__Problem details__.
The answer must consist solely of the lines from the line with "5、直到翻炒至仔排均勻上色,湯汁變濃,加入熱開水,沒過仔排;" to the end of the data below, transcribed exactly and with no pictures.

__Records for the exercise__.
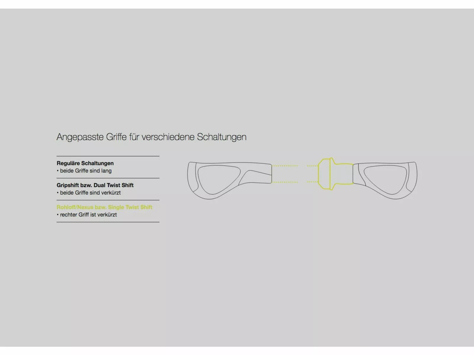 - Single Twist Shift (Rohloff / Nexus): der rechte Griff ist verkürzt
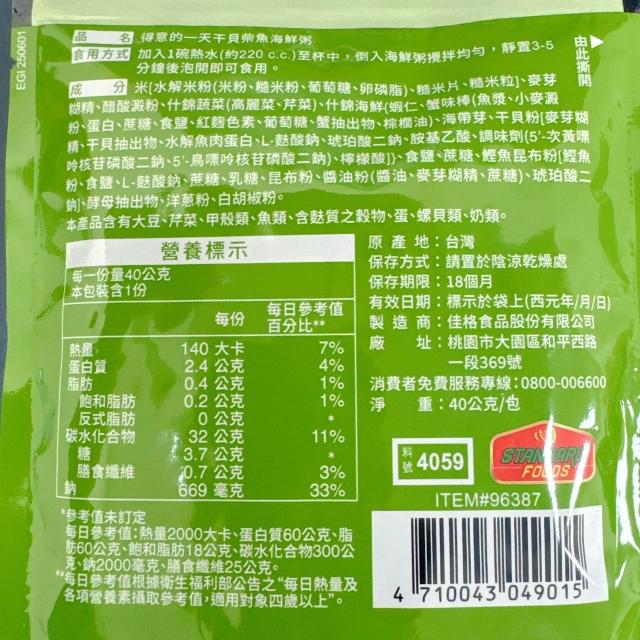 得意的一天得意的一天 海鮮粥 干貝柴魚海鮮 40g
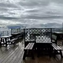 The view of Cinque Torri from the deck of the Lagazuoi mountain hut is another
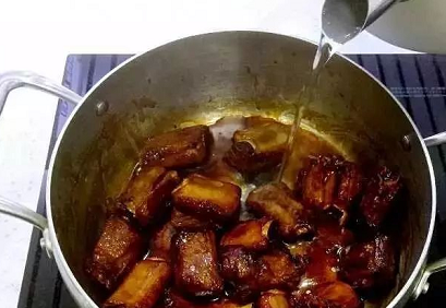 5、直到翻炒至仔排均勻上色,湯汁變濃,加入熱開水,沒過仔排;
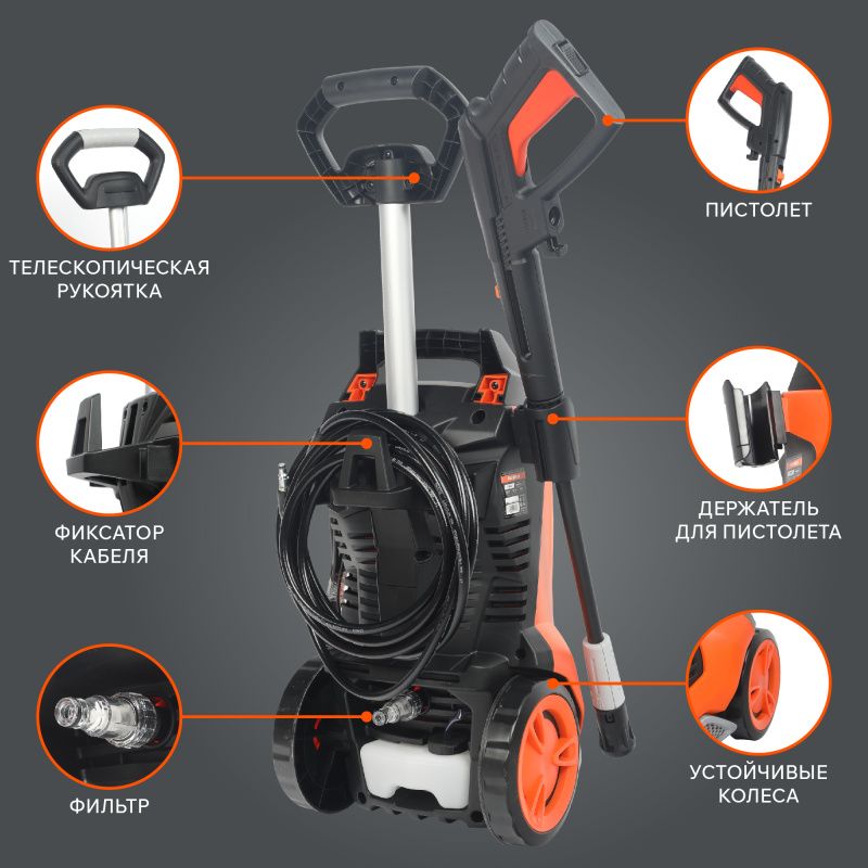 | Комплектация* | Моющий аппарат; Шланг; Пистолет; Коннектор для шланга; Фильтр; Инструкция по эксплуатации |
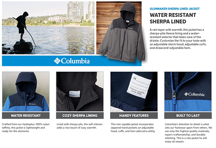 - BUILT TO LAST: Columbia’s attention to detail is what sets our footwear apart from others. We use only the highest quality materials, expert craftsmanship, and durable stitching. This is a rain jacket he will enjoy all season
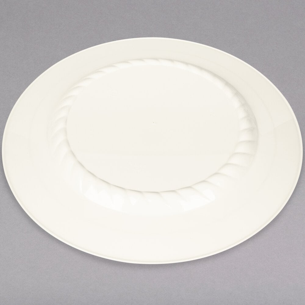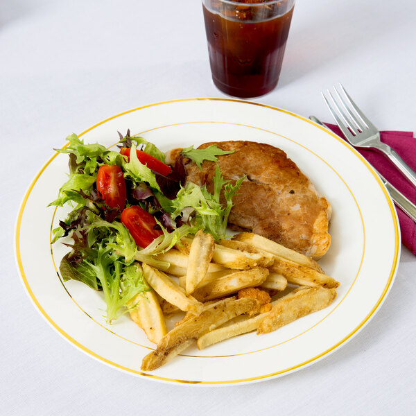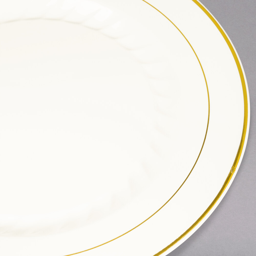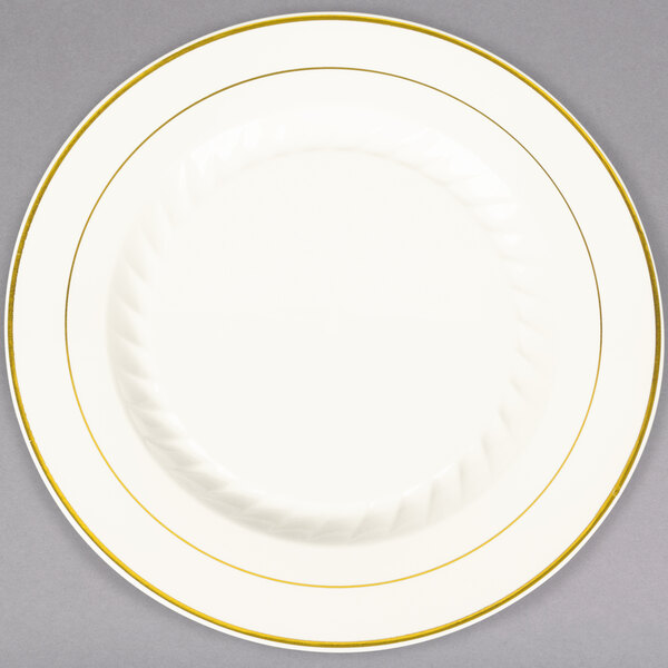 Made of heavy weight plastic, this strong and sturdy Fineline Silver Splendor 510-BO 10" bone / ivory plastic plate is perfect for wedding receptions and luncheons. It's great for serving salads and entrees, adding style and class to any tabletop. Plus, it's embellished with two gold bands to give it a distinct style that combines the convenience of plastic with the elegant appeal of china.

__Result of this task__.
 5、直到翻炒至仔排均勻上色,湯汁變濃,加入熱開水,沒過仔排;
 | Комплектация* | Моющий аппарат; Шланг; Пистолет; Коннектор для шланга; Фильтр; Инструкция по эксплуатации |
 - BUILT TO LAST: Columbia’s attention to detail is what sets our footwear apart from others. We use only the highest quality materials, expert craftsmanship, and durable stitching. This is a rain jacket he will enjoy all season
 Made of heavy weight plastic, this strong and sturdy Fineline Silver Splendor 510-BO 10" bone / ivory plastic plate is perfect for wedding receptions and luncheons. It's great for serving salads and entrees, adding style and class to any tabletop. Plus, it's embellished with two gold bands to give it a distinct style that combines the convenience of plastic with the elegant appeal of china.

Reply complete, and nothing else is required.